_YOUR TASK_
Before printing, remove every picture; then print the lines below exactly, from the first line through the line containing "我的爷爷告诉我的父亲关于贝利".

_DATA TO PROCESS_
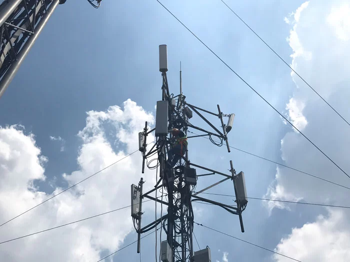 烈日下,网络人员爬上滚烫的铁塔
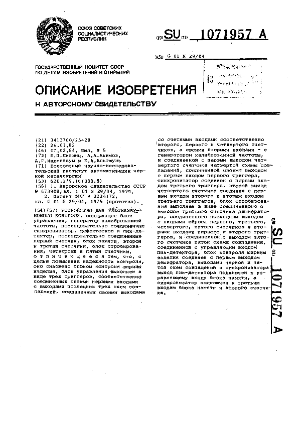 Устройство для ультразвукового контроля / Лившиц Б. Н., Акимов А. А.,Инденбаум А. Г., Альтшуль Е. А.; заявитель: Всесоюзный научно-исследовательский институт автоматизации чёрной металлургии // Описания изобретений (ретрофонд) / Комитет по патентам и товарным знакам России. – М. — (Патенты России)., 2003. – 1984, № 1. — Загл. с титул. экрана. — Систем. требования: Acrobat Reader. — Режим доступа: ftp://smolensklib.ru/bd/patent_ru/pt1071957.pdf. — <URL:ftp://smolensklib.ru/bd/patent_ru/pt1071957.pdf>.
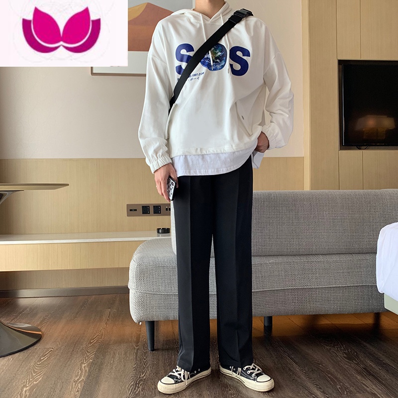 YANXU冰丝垂感休闲裤男宽松直筒速干阔腿长裤子男士夏季薄款2022新款2 M 冰感裤白色平脚¥25.00热销中 -
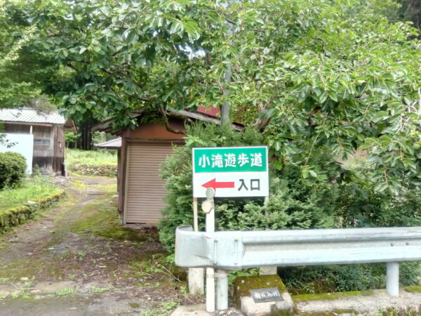 林道を戻って、府道369号線との交差点を左折して、府道の終点まで走ります。バイクは「小滝遊歩道」の案内看板の手前に駐めました。この看板の右手に行くと駐車スペースらしきものがあります。この遊歩道は、特に整備されているわけではなく、何カ所か案内看板があるだけで、あとは川沿いに進んでいけばなんとかなるって感じでした。
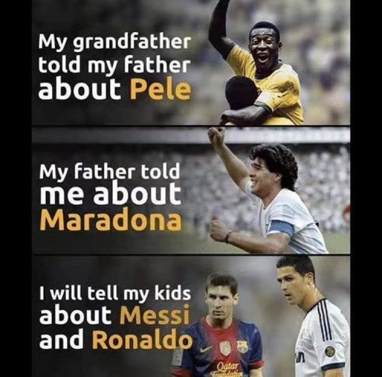 我的爷爷告诉我的父亲关于贝利;我的父亲告诉我关于马拉多纳;我会告诉我的孩子关于梅西和C罗。
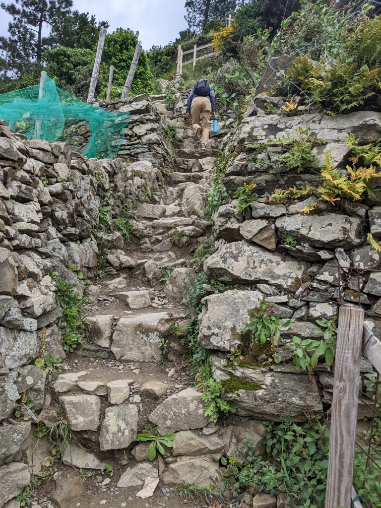 Kyla was a trouper who did about 7.5 km on the longer, tougher trails with us through rain and mud. The girl knows when to quit while she’s ahead, though, and took the train by herself back to the hotel*, and Dwayne and I rode to the next town to avoid the closed 3rd segment. But between the last two towns, there was a 1.4km trail that I wanted to do to complete our Cinque Terre day. The map rated it “moderate”, the same as our first two trails, so easy-peasy. Right?
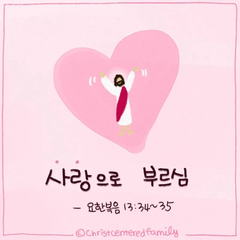 A new commandment I give to you, that you love one another; as I have loved you, that you also love one another. By this all will know that you are My disciples, if you have love for one another.”(John 13:34-35, NKJV) . . <오늘의 묵상> 예수님께서 본을 보이시며 사랑하신 것 같이, 우리도 서로 사랑하라 명하신 그 말씀을 묵상합니다. 오늘 우리가 사랑하되, 예수님이 사랑하셨던 것 처럼 그렇게 사랑하며 살길 소망합니다. 세상의 기준대로 하는 사랑이 아니라, 계산적이거나 내 감정을 따르는 사랑이 아니라, 그리스도 예수의 마음으로 사랑하여, 진정으로 그리스도 예수의 제자된 삶을 살길 소망합니다. . . <오늘의 기도> 사랑의 하나님, 000(이)가 예수님의 명령을 따라서, 예수님께서 사랑하신 것 같이 우리 주위에 만나게 하신 모든 이들을 사랑하며 살아가게 하소서. 관계의 주인되시는 하나님, 000(이)에게 사랑을 가르쳐 주시고, 사랑을 풍성하게 부어주소서. 그래서 진짜 예수님처럼 사랑하는 당신의 제자되게 하소서.
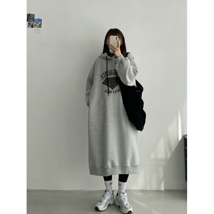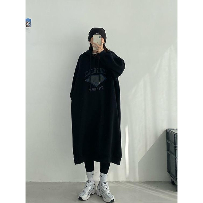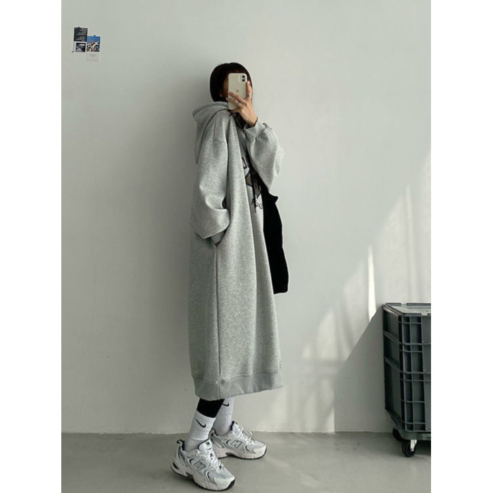 特大碼300斤寬松藏肉顯瘦長款衛衣裙秋冬加絨加厚保暖連帽連衣裙

_WRITTEN RESPONSE_
 烈日下,网络人员爬上滚烫的铁塔
 Устройство для ультразвукового контроля / Лившиц Б. Н., Акимов А. А.,Инденбаум А. Г., Альтшуль Е. А.; заявитель: Всесоюзный научно-исследовательский институт автоматизации чёрной металлургии // Описания изобретений (ретрофонд) / Комитет по патентам и товарным знакам России. – М. — (Патенты России)., 2003. – 1984, № 1. — Загл. с титул. экрана. — Систем. требования: Acrobat Reader. — Режим доступа: ftp://smolensklib.ru/bd/patent_ru/pt1071957.pdf. — <URL:ftp://smolensklib.ru/bd/patent_ru/pt1071957.pdf>.
 YANXU冰丝垂感休闲裤男宽松直筒速干阔腿长裤子男士夏季薄款2022新款2 M 冰感裤白色平脚¥25.00热销中 -
 林道を戻って、府道369号線との交差点を左折して、府道の終点まで走ります。バイクは「小滝遊歩道」の案内看板の手前に駐めました。この看板の右手に行くと駐車スペースらしきものがあります。この遊歩道は、特に整備されているわけではなく、何カ所か案内看板があるだけで、あとは川沿いに進んでいけばなんとかなるって感じでした。
 我的爷爷告诉我的父亲关于贝利;我的父亲告诉我关于马拉多纳;我会告诉我的孩子关于梅西和C罗。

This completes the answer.